One might consider including expressivity in the list above, but it seems that for all the methods considered in this thread, a terminating function expressible by one method can be expressed by another method using a complicated-enough translation. One exception is noted below.
People mainly considered the methods a)-d) below in this thread.
These methods make different trade-offs between the properties 1)-5) above. We will discuss them one by one. We will end the discussion on each one with a list of pros and cons.
(Can some expert please add some comments on how these methods compare on the property 5 ?)
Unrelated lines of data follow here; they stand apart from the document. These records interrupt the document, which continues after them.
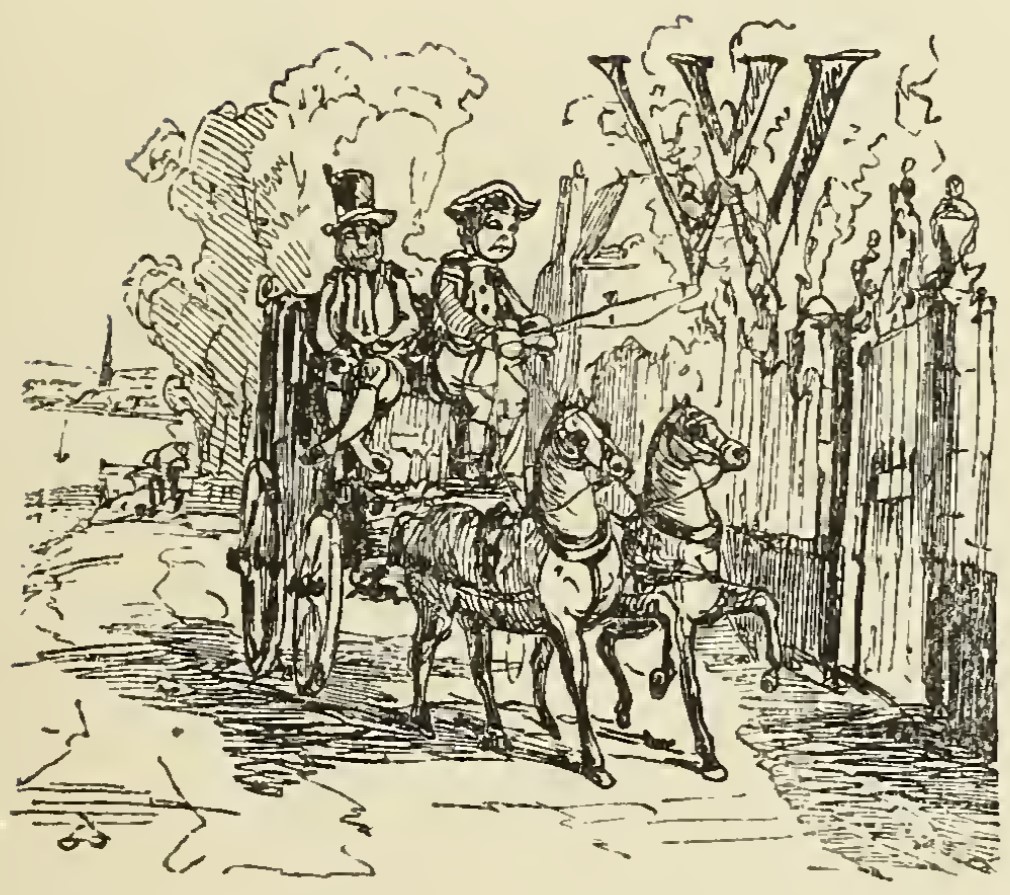 A coach drawn by two horses, driven by a coachman in a three-cornered hat. Beside him sits Sambo, the footman. On the right side of the image is the gate to Miss Pinkerton’s academy for young ladies, at which the coach has just arrived. In the background there are two trees and a building. In the top right of the image, overlapping with a tree, is the letter W from While.
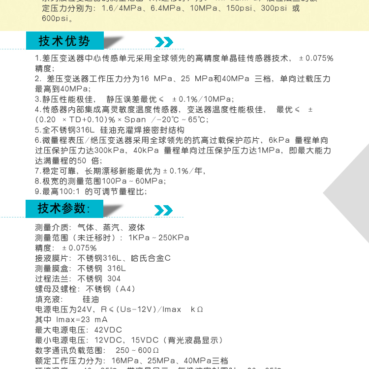 全不銹鋼316L 硅油充灌焊接密封結(jié)構(gòu),傳感器內(nèi)部集成高靈敏度溫度傳感器,變送器溫度性能****,靜壓性能****, 靜壓誤差******≤ ±0.1%/10MPa。
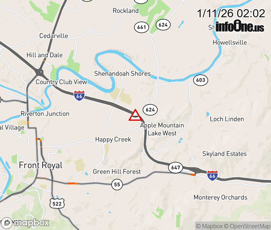 On I-66 East at mile marker 10.4 in the County of Warren, motorists can expect delays due to a vehicle crash. Updated: Sun 1/11/26 2:02 AM EST ![]() Updated: Sun 1/11/26 2:02 AM EST |
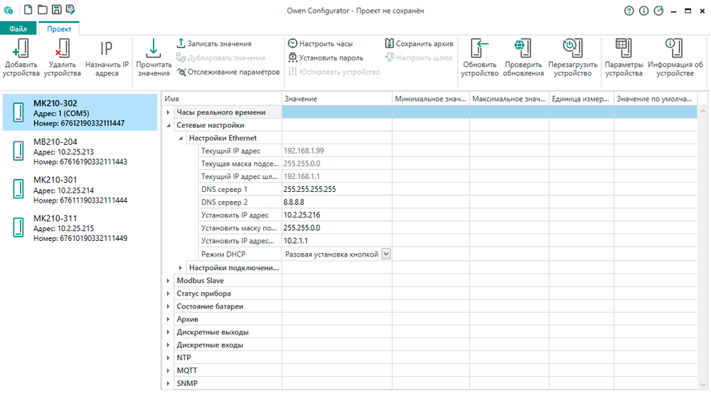 Настройка модулей Мx210 осуществляется с помощью конфигуратора, который поддерживает работу с группой модулей и позволяет оперативно получить доступ ко всем параметрам. Подключение осуществляется по интерфейсам Ethernet или USB (разъем типа microUSB). При подключении по USB внешнее питание модуля не требуется.
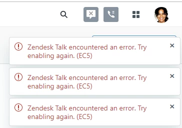 I constantly get error messages at the top-right corner of my screen saying: "Zendesk Talk encountered an error. Try enabling again. (EC5)"
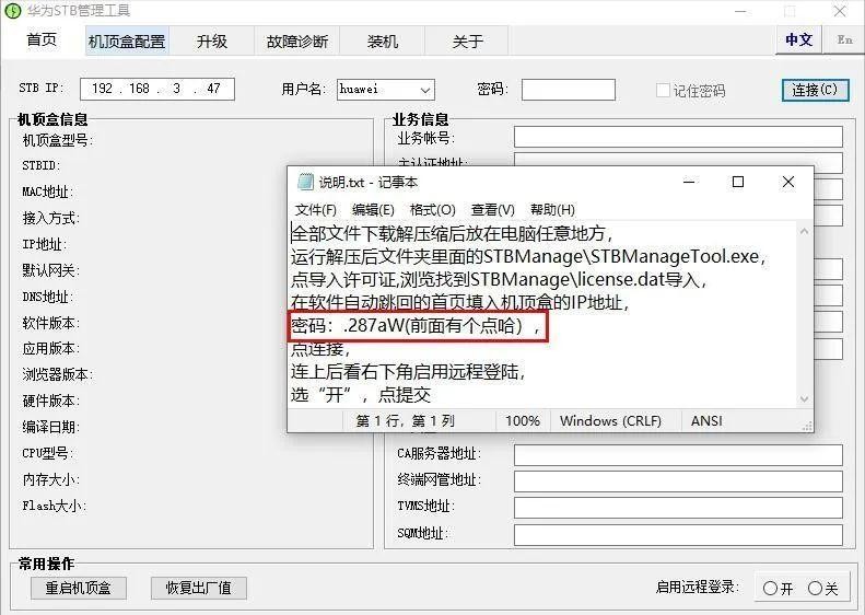 打开华为STB管理工具,按照上图说明里的步骤输入信息,IP地址要输入前面看到的机顶盒无线获取的IP,输入完成后点击连接。
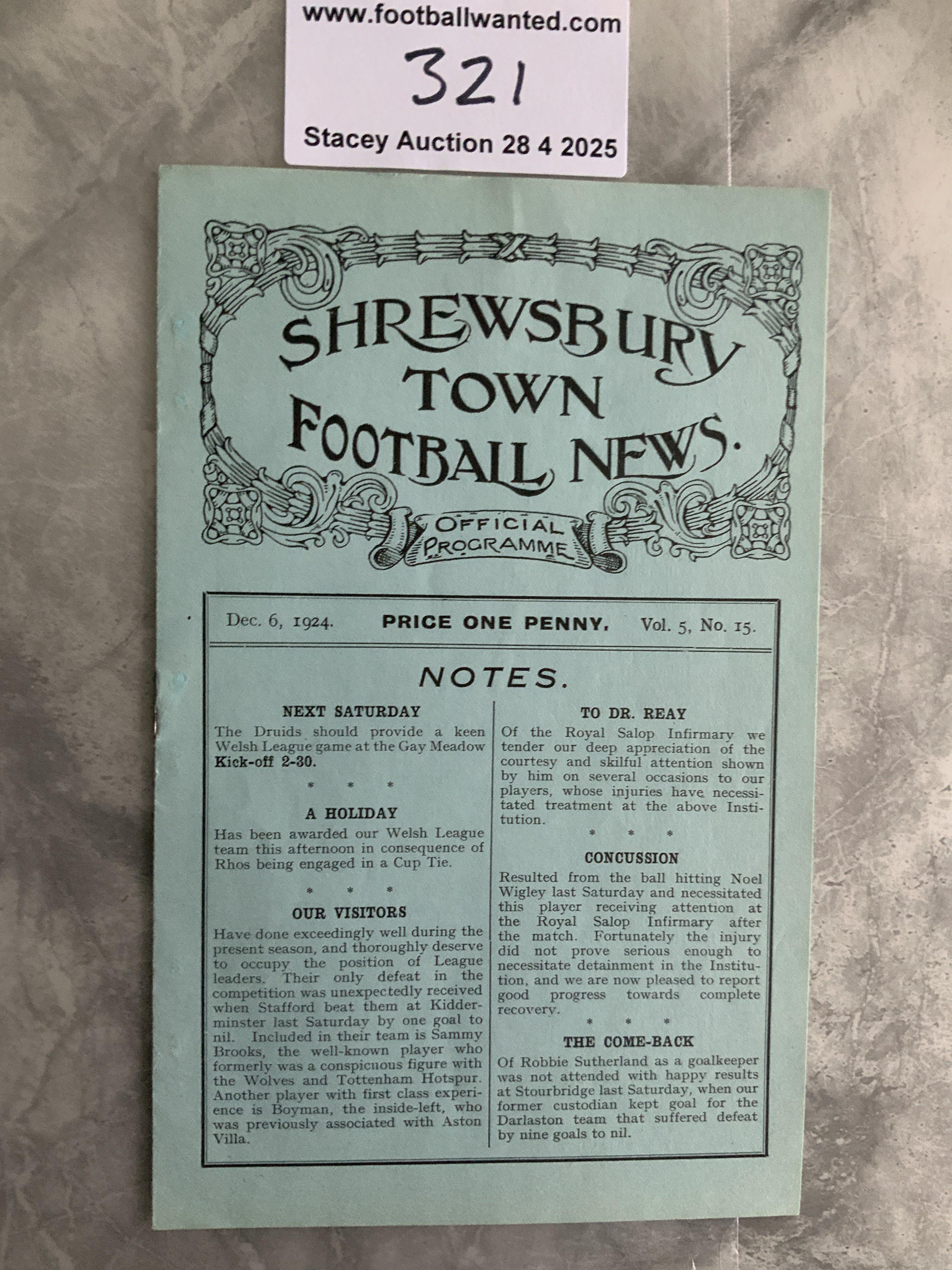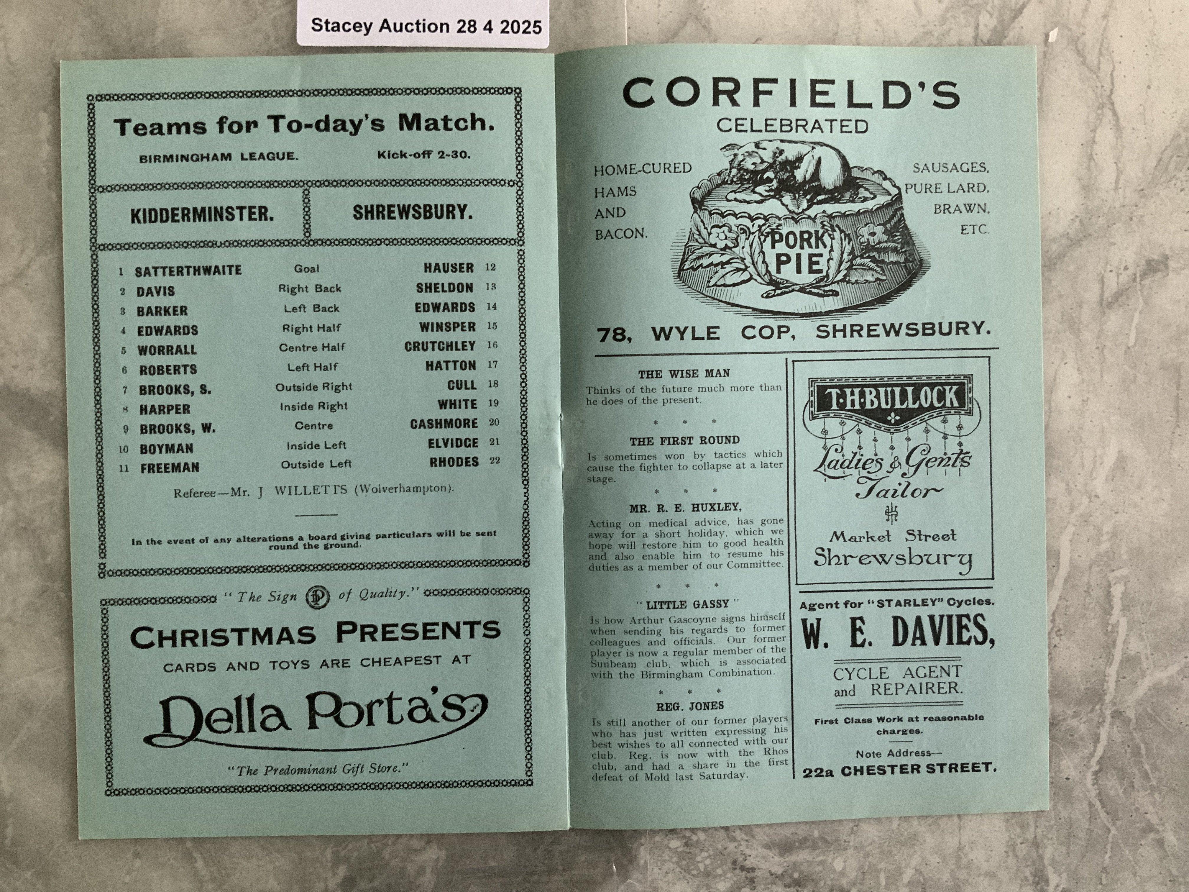 1924 - 1925 Shrewsbury Town v Kidderminster Football Programme: Excellent condition Birmingham League programme with no team changes.

Recursors/Eliminators of inductive types
In many proof assistants (e.g. HoTT, Nuprl) this is the fundamental way to use/eliminate an element of an inductive type. Functions defined using these recursors are guaranteed to be terminating. However, as Bruno mentioned in the this email, using recursors often does not produce readable code. He gives an example of a function (div2) function that can be concisely written using pattern matching, but becomes ugly when written using recursors. The following link shows both his concise and ugly versions in Coq. http://www.cs.cornell.edu/~aa755/div2.html (replace .html by .v to get the raw Coq code)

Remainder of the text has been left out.